Gesetze: Art 103 Abs 1 GG, § 286 ZPO, § 544 Abs 9 ZPO

Instanzenzug: Az: 27 U 6/22vorgehend Az: 32 O 252/18

Gründe

I.

1Die Klägerin fordert Restwerklohn aus einem gekündigten Einheitspreisvertrag über Bauleistungen.

2Mit einem Teil der Leistungen hatte die Klägerin die V.             GmbH (im Folgenden: die Nachunternehmerin) beauftragt. Nach Kündigung des Vertrags durch den Beklagten legte die Klägerin eine erste Schlussrechnung, in der sie vom Gesamtbetrag - neben Teilzahlungen - einen Bruttobetrag von 32.757,58 € mit dem Vermerk "abzgl. Restleistungen in Teilbereichen der Fa. V.                     GmbH" abzog. Die Klägerin hat zunächst nur den verbleibenden Betrag eingeklagt und in der Klageschrift vorgetragen, die bei der Bautenstandsfeststellung erkennbaren Minderleistungen wegen vorzeitiger Beendigung des Vertragsverhältnisses seien berücksichtigt worden.

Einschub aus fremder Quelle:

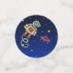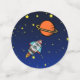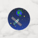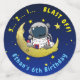 Moon Adventure Birthday Confetti feature an astronaut posing from a crescent moon, with stars around him. Space stations, astronauts, planets and stars. Customisable Curved text above the astronaut says, "3...2...1... Blast Off!". Customisable text below says, "Ethan's 6th Birthday".

3Auf den Hinweis des Landgerichts in der mündlichen Verhandlung, die Prüffähigkeit der Schlussrechnung begegne Bedenken, weil sich die abgezogenen "Restleistungen in Teilbereichen" von 32.757,58 € aus der Abrechnung und dem Aufmaß nicht erschlössen, hat die Klägerin erklärt, die abgezogenen nicht erbrachten Leistungen näher aufschlüsseln zu können.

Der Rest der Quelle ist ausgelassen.